In the words of the Rebbe (Kuntres Beis Rabbeinu Sh’B’Bavel): “Rabbeinu, the Nasi HaDor, is also the Moshiach of the generation, like Moshe (the first Nasi) of whom it is taught, ‘The first redeemer is the final redeemer.’ This relates to the well-known teaching that in every generation ‘there is a righteous individual who is worthy of being the redeemer, and when the time comes, G-d will be revealed to him and will send him…’ It is logical to assume that this is the Nasi HaDor.
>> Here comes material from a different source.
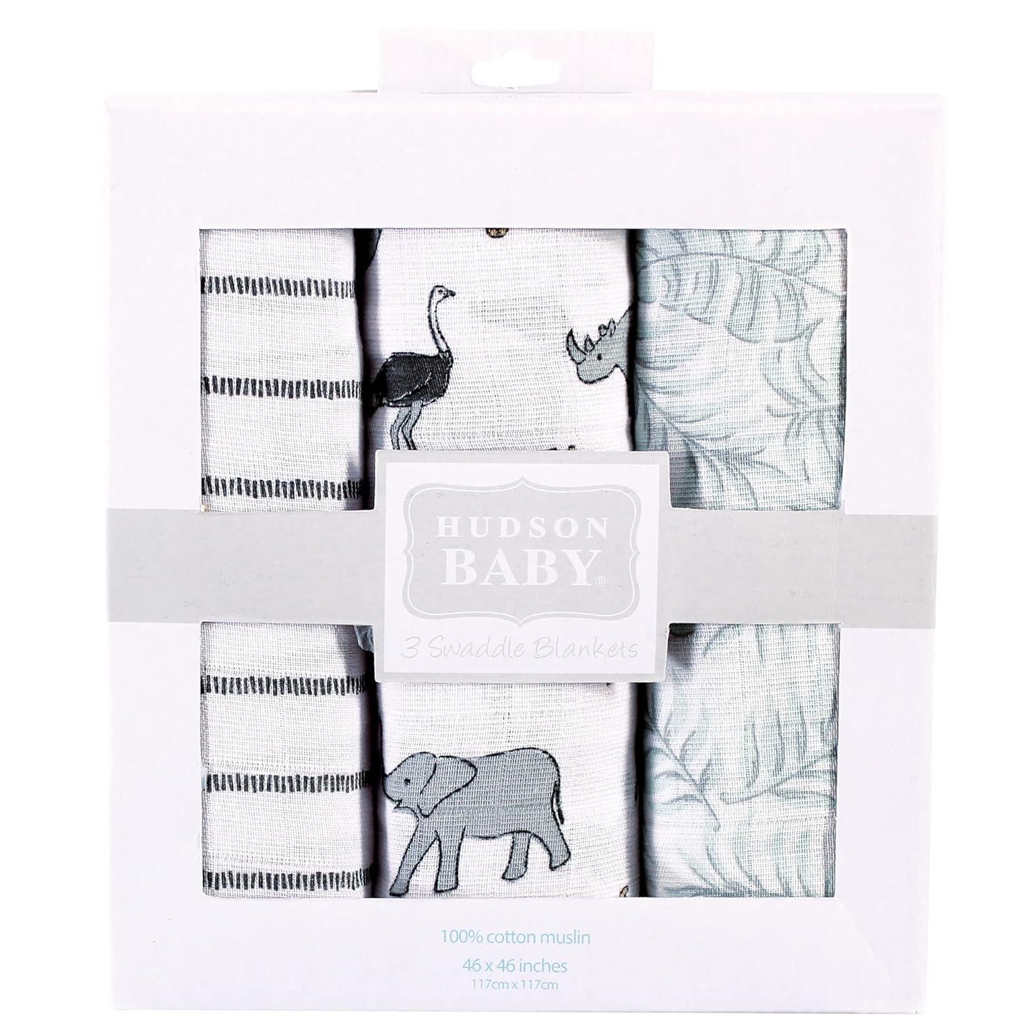 Hudson Baby muslin swaddle blankets are made of soft, gentle and breathable 100% muslin cotton fabric to help your baby sleep more comfortably. Our blankets are sized generously to make swaddling easy, cozy and comfortable. Our blankets are safe and gentle on baby's skin. Hudson Baby muslin blankets can also be used as a nursing cover, stroller cover, and for tummy time.

Indeed, regarding Rabbi Yehuda HaNasi [known also as Rabbeinu HaKadosh] the Talmud explicitly states: ‘Rav said that if he is among the living, he is Rabbeinu HaKadosh.’ In other words, ‘If Moshiach is from the ranks of the living, he is certainly Rabbeinu HaKadosh,’ the Nasi HaDor.”

And in footnote 81: “Note that a spark of Moshiach exists within each and every Jew. [This resolves an apparent contradiction between two Talmudic teachings on the words, “A star issued from Jacob” (Numbers 24:17): According to one teaching this refers to Moshiach (Jerusalem Talmud, Taanis 4:5); according to another it refers to every Jew (Jerusalem Talmud, Maaser Sheini, end Ch. 4).

“In light of the above there is no contradiction, for each and every Jew possesses a spark of Moshiach’s soul (see Me’or Einayim, end Pinchas), since every Jew possesses a yechida (the fifth and inner most level of the soul), and every individual yechida is a spark of the comprehensive yechida, which is the soul of Moshiach (Remaz on Zohar II, 40b; et al.).] Since ‘the Nasi is everything’ — i.e., he comprises the entire group of individual sparks of Moshiach, his soul is perforce the comprehensive yechida; hence, he is the Moshiach of the generation.”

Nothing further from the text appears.